TASK GOAL
Pictures are to be dropped. Everything else in the listing gets copied exactly.

DATASET CONTENT
= Beginning of Section =
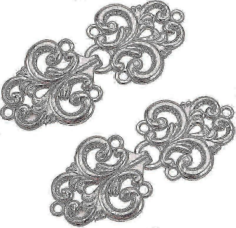 Cloak Clasp Fasteners, 2 Pairs Swirl Flower Cape Fasteners Sew On Hooks and Cardigan Clip
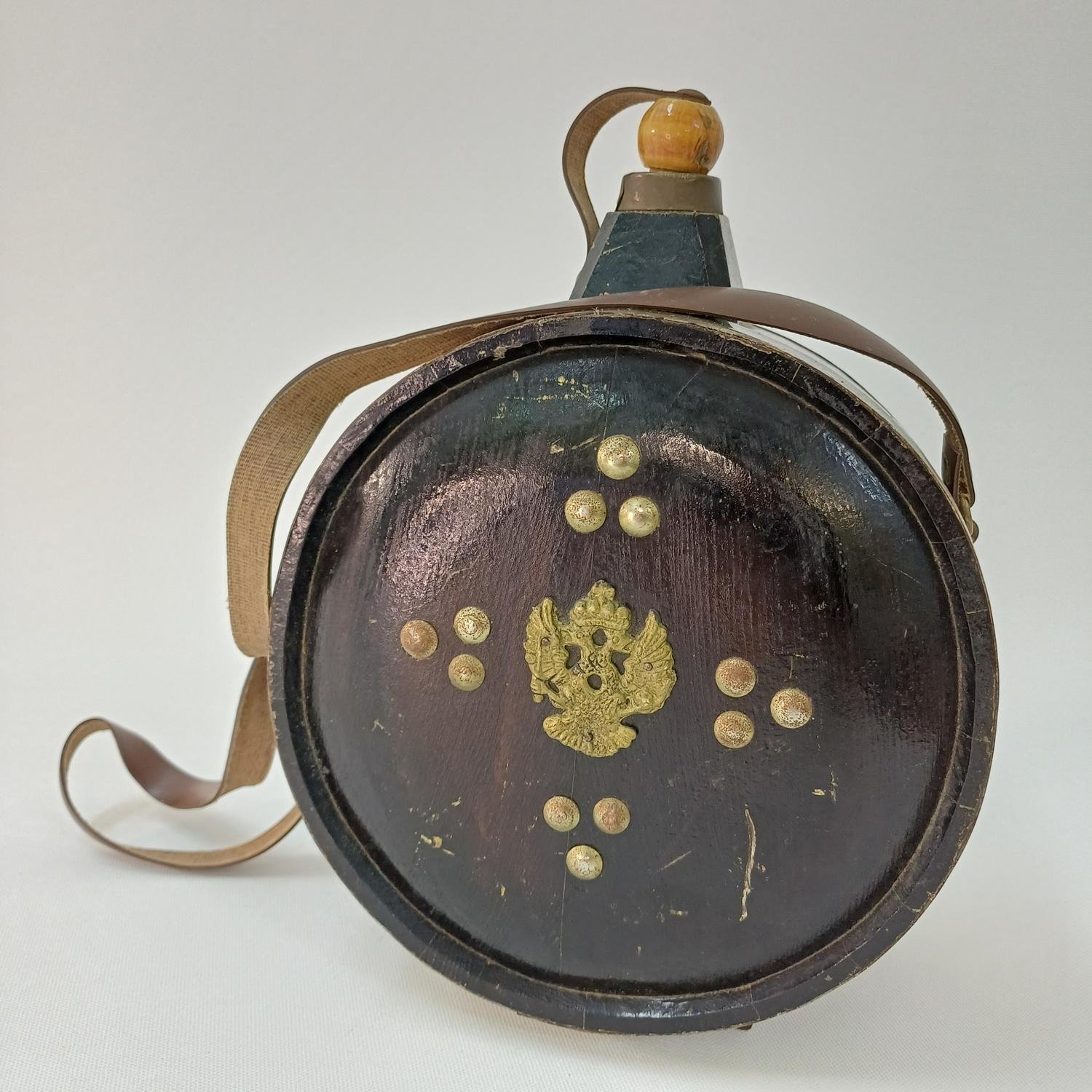 Σπάνιο συλλεκτικό φλασκί “Αχάια Clauss” από ξύλο με μεταλλικά και δερμάτινα στοιχεία
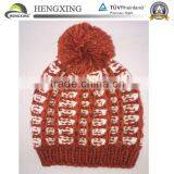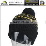 100% Acrylic Beanie Jacquard Knitted Winter Hat With Big Pom Pom
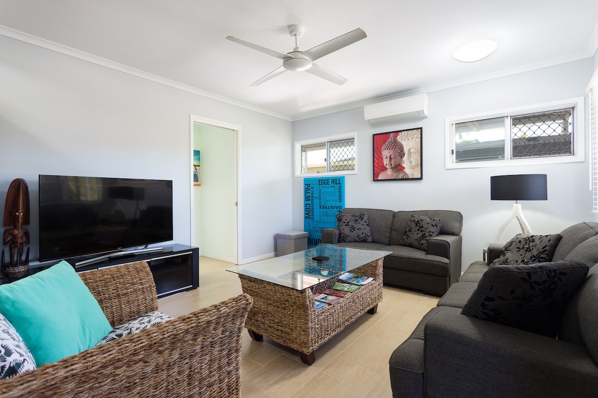 We welcome all nationalities from abroad and locally to our fully furnished one bedroom unit which has been added to our existing family home. You have your own entrance, bedroom, kitchen, bathroom and living area with sofa lounge that converts into a double bed. We are situated in a quiet family friendly cul-de-sac with free parking on site. We are approximately 14 minutes drive from the Cairns Airport or Cairns City Centre, therefore we highly recommend your own car.
= End of Section =
THE COMPLETED TASK
 Cloak Clasp Fasteners, 2 Pairs Swirl Flower Cape Fasteners Sew On Hooks and Cardigan Clip
 Σπάνιο συλλεκτικό φλασκί “Αχάια Clauss” από ξύλο με μεταλλικά και δερμάτινα στοιχεία
 100% Acrylic Beanie Jacquard Knitted Winter Hat With Big Pom Pom
 We welcome all nationalities from abroad and locally to our fully furnished one bedroom unit which has been added to our existing family home. You have your own entrance, bedroom, kitchen, bathroom and living area with sofa lounge that converts into a double bed. We are situated in a quiet family friendly cul-de-sac with free parking on site. We are approximately 14 minutes drive from the Cairns Airport or Cairns City Centre, therefore we highly recommend your own car.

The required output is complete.